# I bought another one.



## berettatoter (Sep 1, 2011)

I have wanted a APX Centurion for a while, but have not seen any lately. What I did see was this APX Carry, so I bought it.








I will get it to the range on a VERY cold Sunday. Only supposed to be ten degrees here then, so at least I will see how it does in cold weather!


----------



## denner (Jun 3, 2011)

How many does it hold? Looks like it woukd be a great carry


----------



## berettatoter (Sep 1, 2011)

denner said:


> How many does it hold? Looks like it woukd be a great carry


It came with a 6 round, and 8 round magazine.

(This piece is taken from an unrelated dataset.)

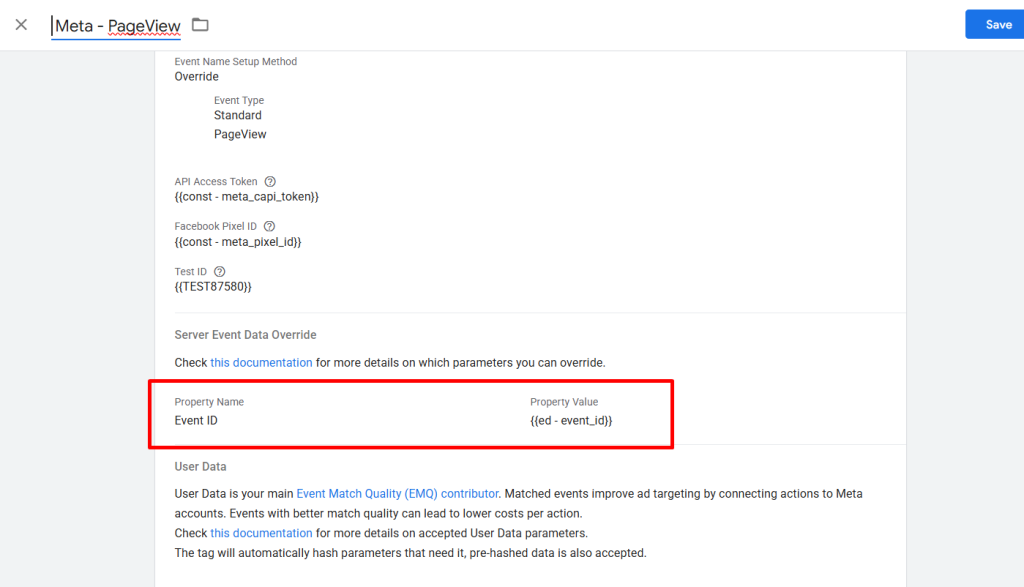 fbq(‘track’, ‘PageView’, {}, { eventID: ‘{{Unique Event ID}}’ });

The 8 rounder is in the pistol, in the picture.


----------



## Goldwing (Nov 5, 2014)

berettatoter said:


> I have wanted a APX Centurion for a while, but have not seen any lately. What I did see was this APX Carry, so I bought it.
> 
> 
> 
> ...


Nice piece! Don't forget the range report 'toter.


----------



## berettatoter (Sep 1, 2011)

Goldwing said:


> Nice piece! Don't forget the range report 'toter.


Welp, it shot well. Reminded me of shooting my M&P Shield, except with a tad lower bore axis on the Beretta. I like the serrated and blacked out rear sight, and there is plenty of light between it's cutout and the front sight post.

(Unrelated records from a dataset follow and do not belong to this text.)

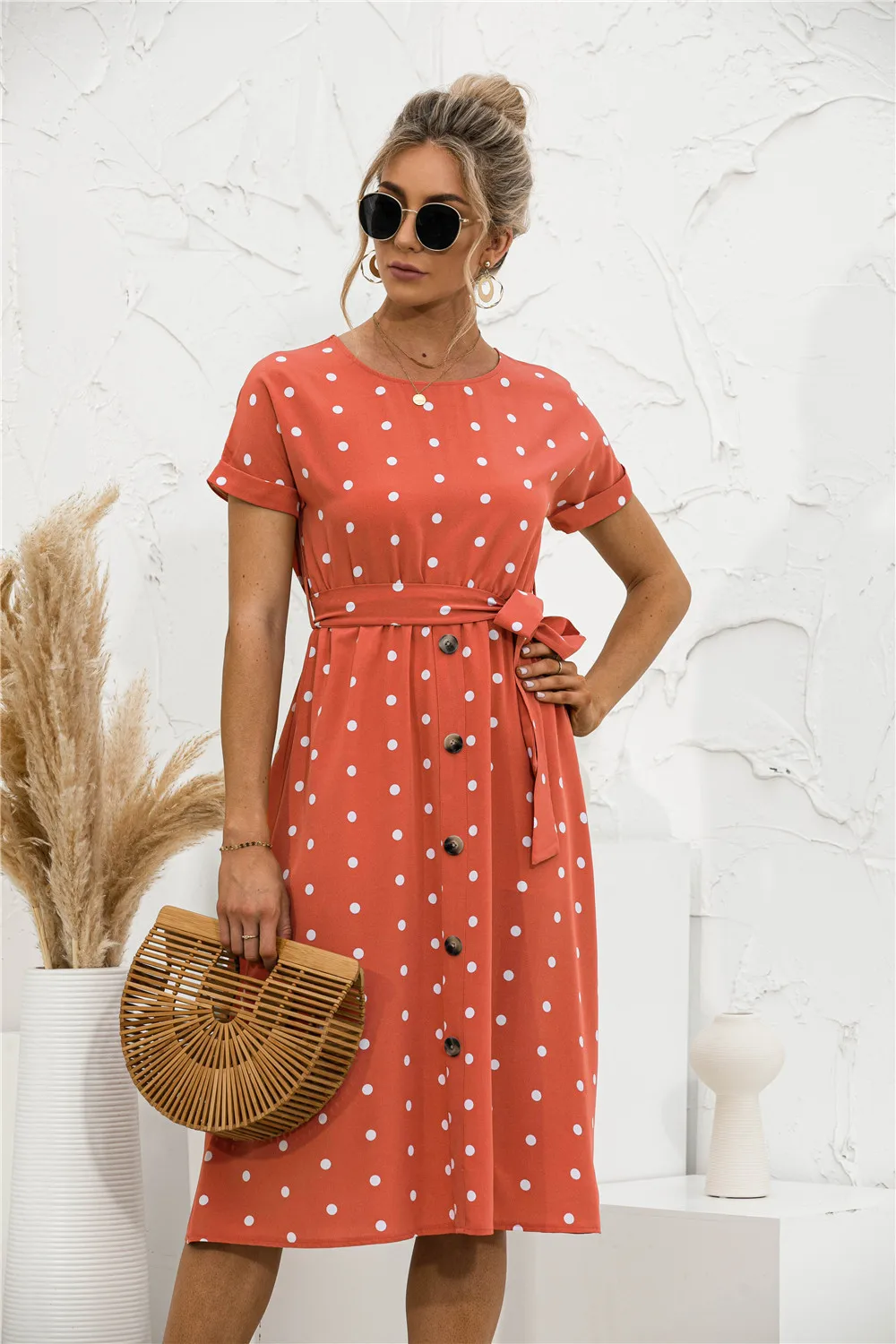 Home>Women's Dresses>Vacation Dresses>Women Summer Beach Chiffon Dress Casual Short Sleeve Polka Dot Dress Midi Dress Femme Vestidos Elegant O Neck Sundress With Belt
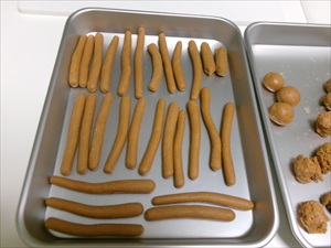 ひとかたまりになったら、一口大にちぎって丸めて伸ばしていきます!!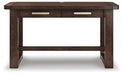 | Details | Made with hardwood solids, oak veneer and MDF substrates, Dark brown wood-tone finish, 2 smooth-gliding drawers, Cutout for cord management, Assembly required | |
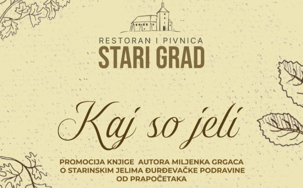 U organizaciji Turističke zajednice Grada Đurđevca i Gradske knjižnice Đurđevac, a u sklopu programa Jeseni u Đurđevcu, održat će se promocija knjige tradicionalne đurđevačke kuhinje “Kaj so jeli” autora Miljenka Grgaca. Promocija će se održati u petak, 27. listopada 2023. s početkom u 19,00 sati u Restoranu i pivnici Stari grad Đurđevac.

Trigger was a tad heavy, I would have guessed it at around 6-6.5 pounds, and reset was "longish", but not as bad as my CPX-2.

I ran three different types of JHP ammo through it, plus ball rounds of Remington UMC, which all ran 100%. I ran two magazines of MaxxTech ammo, 115 grain ball, and had three light primer strikes. I had the same issue with this ammo in my S&W, and SCCY as well as my 92FS...chalking that up to the ammo, and will be glad when it's gone.

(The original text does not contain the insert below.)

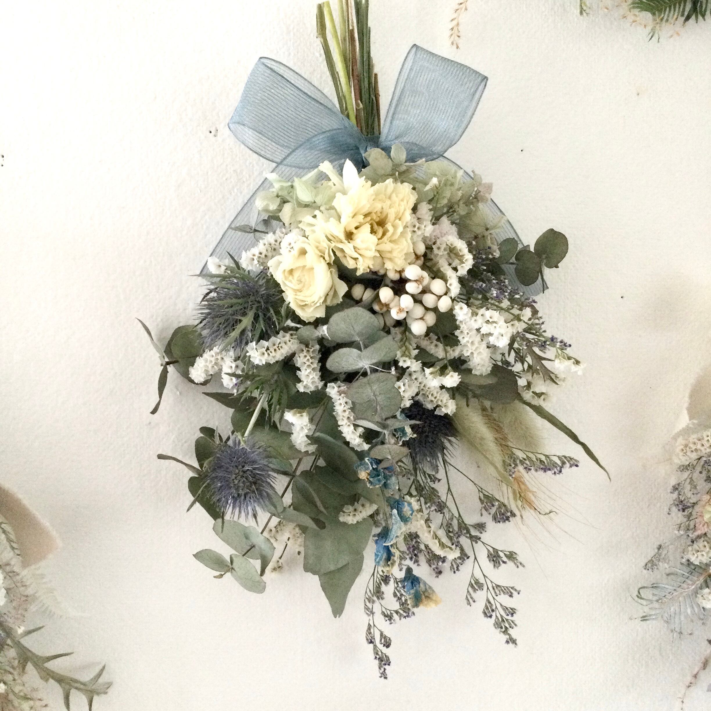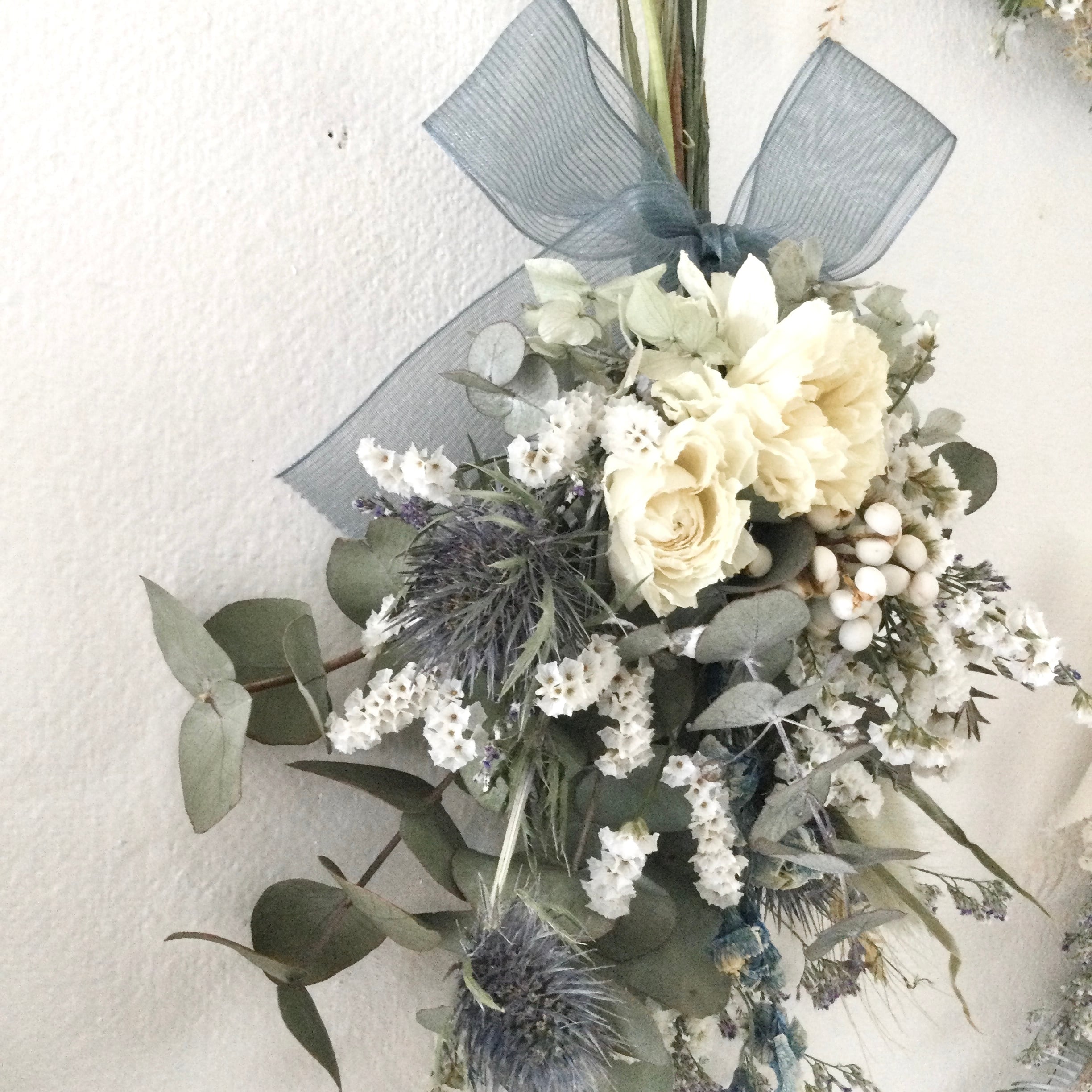 ・花材 ドライフラワー ユーカリ ラナンキュラス 紫陽花 スターチス エリンジューム かすみ草 ブルーファンタジア シダ ラグラス ナンキンハゼ スイートピー ムギ リボン等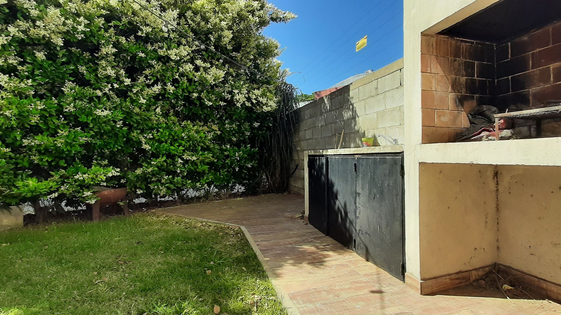 Planta baja: semi cubierto de acceso, cochera descubierta para un vehículo, toilette de recepción con mesada de mármol, espejo y ventana de ventilación natural. Cocina semi-integrada con barra desayunador, mueble bajomesada en melamina, estantes sobre la mesada y cocina eléctrica, junto a un ventanal frontal. Estar-comedor amplio con gran puertaventana que conduce a la expansión. Jardín privado con vegetación, parrilla individual, mesada con pileta y conexión para lavarropas, y puerta de acceso directo desde el exterior.

I've heard complaints about people not being able to rack the slide very well with the APX series, but I had no issues with that, with this particular pistol.

It is colder than crap here, so I just shot the 8" steel plate, at about 25 feet, and had not issues hitting it every time...I think I shot one low and to the left once, because I saw the snow and dirt go flying there instead of getting the bullet "splatter", right below the steel. It's probably more accurate than me while shivering. 

I ran a total of 48 rounds through it, four six round mags and three eight round mags, and other than the three MaxxTech misfires, it ran well...even 147 grainers. The grip is very "grippy", but I noticed I tended to shoot about two or so inches lower with the 8 round magazine, than I did with the 6 rounder...strange.

Other than the crap performance from the MaxxTech, it really ran well, and am very happy with how it performed. I want to get it to the range one more time, before I roll it into the rotation of carry.

Cheers!


----------



## Goldwing (Nov 5, 2014)

berettatoter said:


> Reminded me of shooting my M&P Shield


When I saw the pic of the APX I noticed similarities with my Shield .45, they look like they could share the same holster. That single stack in a compact rides IWB very comfortably.
I am glad your APX is running well!


----------



## Jeb Stuart (Jan 19, 2020)

They are superb shooting guns and solid build. The trigger will wear in to around 5 1/2 lbs to 6lbs. They are a striker fired DAO. So a longer reset is natural. They are great triggers, very similar to the Kahr's. Recoil rating on the Carry is one of the softest in class and it shows when shooting. Some describe it as feeling like shooting a 380. And they have no problem with steel case ammo. These guns are meant to last a lifetime. And the modular design is great. So easy to change grips, work on if necessary and they have FEW parts compared to some other firearms.
*Congrats to the OP. *


----------



## Usafammo3 (Jun 8, 2020)

berettatoter said:


> Welp, it shot well. Reminded me of shooting my M&P Shield, except with a tad lower bore axis on the Beretta. I like the serrated and blacked out rear sight, and there is plenty of light between it's cutout and the front sight post.
> 
> Trigger was a tad heavy, I would have guessed it at around 6-6.5 pounds, and reset was "longish", but not as bad as my CPX-2.
> 
> ...


I dont know what # spring you are running in your 92 but if you got lights strikes with it, I would certainly say that maxxtech is using absolute garbage for primers. Even with lighter springs, my 92s have never had light strikes like you are describing. I almost picked up a case of maxxtech but didn't. After reading your post, I'm glad I didnt. Once 9mm got scarce, I did the math and decided paying a few cents more for NATO spec ammo made sense. Why get cheap target ammo when I can get NATO for a little more. Those days are gone though. Good luck getting any cheap ammo now or any time soon. On a positive note, I have noticed 9mm average prices going down slightly over the past few days. Not by much hopefully it will be the beginning of a trend...


----------



## berettatoter (Sep 1, 2011)

Usafammo3 said:


> I dont know what # spring you are running in your 92 but if you got lights strikes with it, I would certainly say that maxxtech is using absolute garbage for primers. Even with lighter springs, my 92s have never had light strikes like you are describing. I almost picked up a case of maxxtech but didn't. After reading your post, I'm glad I didnt. Once 9mm got scarce, I did the math and decided paying a few cents more for NATO spec ammo made sense. Why get cheap target ammo when I can get NATO for a little more. Those days are gone though. Good luck getting any cheap ammo now or any time soon. On a positive note, I have noticed 9mm average prices going down slightly over the past few days. Not by much hopefully it will be the beginning of a trend...


No, I was talking about my new Beretta APX Carry, not my 92FS. I have never had any issues with lite primer strikes with that one.

I took that APX Carry out this morning shooting, and it ran like a champ...was running all Federal aluminum cased stuff, not any of that MaxxTech crap.


----------